While I thought the premise of this movie was promising, the early days of pro football, and its set during one of my favorite time periods, this movie so did not work on any level, as a sports comedy or as a romantic screwball comedy. First of all, by 1925 the National Football League was already in existence for 5 years, so Dodge Connolly doesn't need to organize professional football. Two, the whole premise of Carter not being a war hero, and not saying anything while he receives medals, is not remotely funny and it wouldn't have been 6 years after the Great War. The banter between Lexie and Dodge is patently strained and not very funny, and there is absolutely no chemistry between George Clooney and Renee Zwellweger. However there was between Lexie and Carter.

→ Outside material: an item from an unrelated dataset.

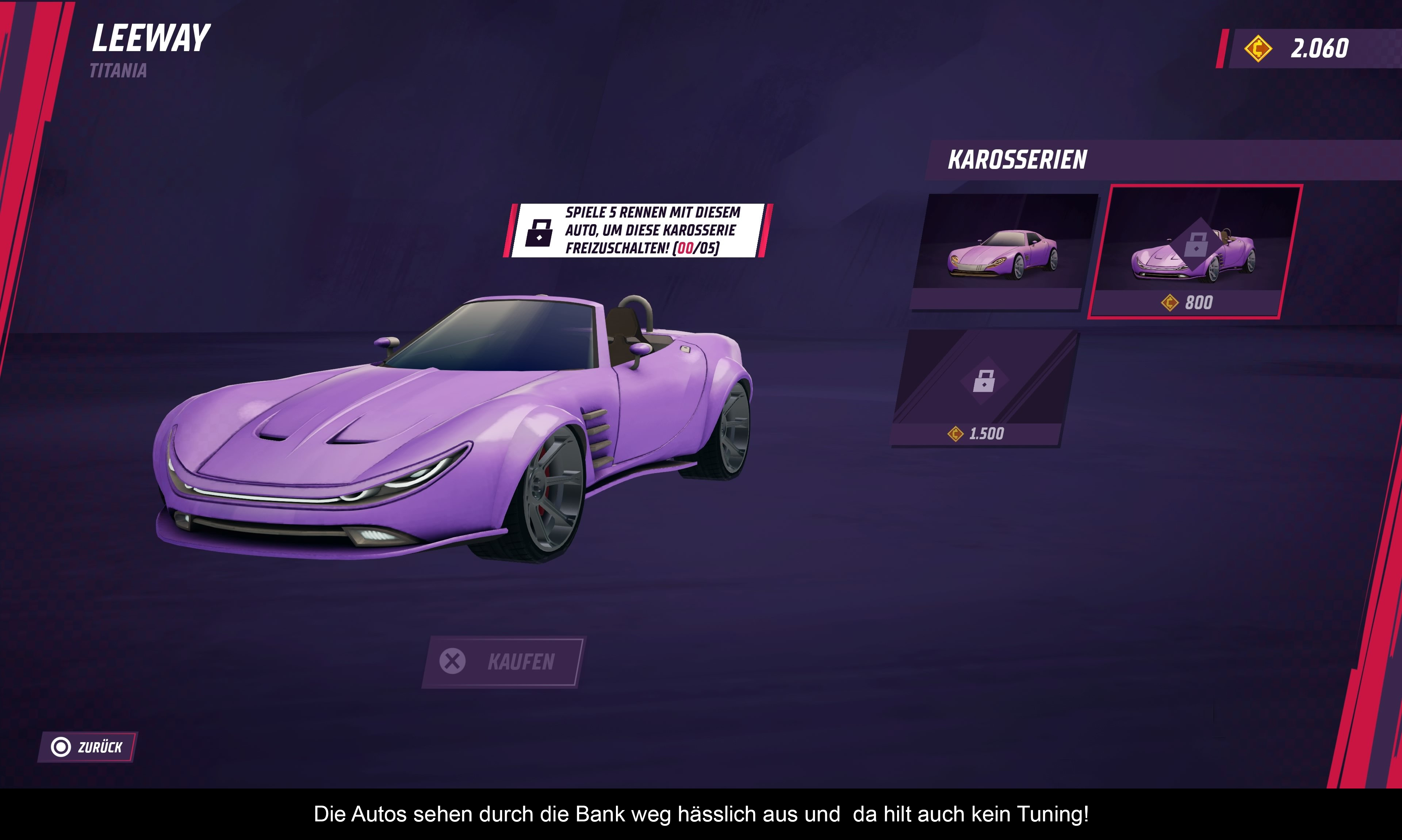 Über den Spielplatz-Modus kann man an wöchentlichen Herausforderungen (z.B. Gewinne das Rennen ohne Nitro einzusammeln) teilnehmen, oder Mehrspieler-Rennen bestreiten. Als Belohnungen winken Geld und spezielle Lackierungen. Die Herausforderungen mixen verschiedene Elemente wie Streckenrichtung, Tageszeit und Wetter zu abwechslungsreichen Events zusammen. Wer sich mit anderen menschlichen Spielern messen will, wird enttäuscht sein. Trotz Cross-Plattform Kompatibilität wurden bei mir niemals andere menschliche Fahrer angezeigt. Die Rennen starten dann einfach mit KI-Autos. Lobbies gibt es auch keine. Immerhin kann man aber auch lokal mit bis zu drei weiteren Spielern um die Wette fahren. Ansonsten ist der Mehrspielermodus aber eine herbe Enttäuschung und äußerst rudimentär gehalten. Davon abgesehen existieren auch noch kurze Kampagnen mit unterschiedlichen Schwierigkeitsgraden, ausgelegt auf maximal 4 Rennen. Die Münzen fehlen komplett, dafür kann man mehr Nitro-Fragmente sammeln. Auch hier winken besondere Skins für erfolgreiches Teilnehmen.

There were faint echoes of Bull Durham all throughout this film, particularly with the triangle between Lexie, Carter and Dodge. However, one of the biggest problems with this film, is that the minor characters are not very well developed, particularly the guys on the Duluth Bulldogs. Anyone who has seen Bull Durham remembers the coach, the young born again player, the guy who practiced Santeria, and the young team follower who ends up reforming and marrying the born again player. There was also an African-American player on the team, despite the fact that all professional sports teams were segregated until after WWII.

It's not all dismal, the movie does get some fun over the fact that Dodge Connolly is way over the hill to be a professional football player. And there is a wonderful scene with the great Marian Seldes who interviews Dodge at an employment agency after the team is disbanded, and a scene with Stephen Root as Dodge dictates the sports column that Stephen Root supposedly writes but scenes like that were few and far between.

If the character of Lexie had been a nascent sportswriter, this movie might have had some juice and plenty of comedy to play with the idea of a woman in the 1920's covering the sports beat. Instead she's bogged down in whether to reveal the truth that Carter is not a hero. Plus most of her costumes were not period, they looked more like early 1930's costumes than 1920's.

This movie was just dull, dull, dull. I read on Wikipedia that George Clooney claimed credit for rewriting the script and making more of a screwball comedy (which there hasn't been a successful one since What's Up Doc in the 70's). Credit for the screenplay went to arbitration before the WGA and the original authors received credit not Clooney. Frankly, the writers and the guild should have let him claim credit for this dreck.

Definitely one to skip. Watch 'Bull Durham' again, or even one of the Major League movies, if you want to watch a sports comedy.

4 comments:

Kwana said...

Sounds like a great weekend except that guy and Leatherheads. Sigh.

Elizabeth Kerri Mahon said...

Yeah, I was batting 2-1 this weekend.

Hope Tarr said...

It was great hanging with you, too, Elizabeth and thanks for the movie review. I'm thinking I'll skip LEATHERHEADS, but I am tres excited for the Netflix DVD with Episodes 3 and 4 of "North and South" to arrive in today's mail.

Elizabeth Kerri Mahon said...

Le Sigh! You will just love it. I expect a full report on Thursday.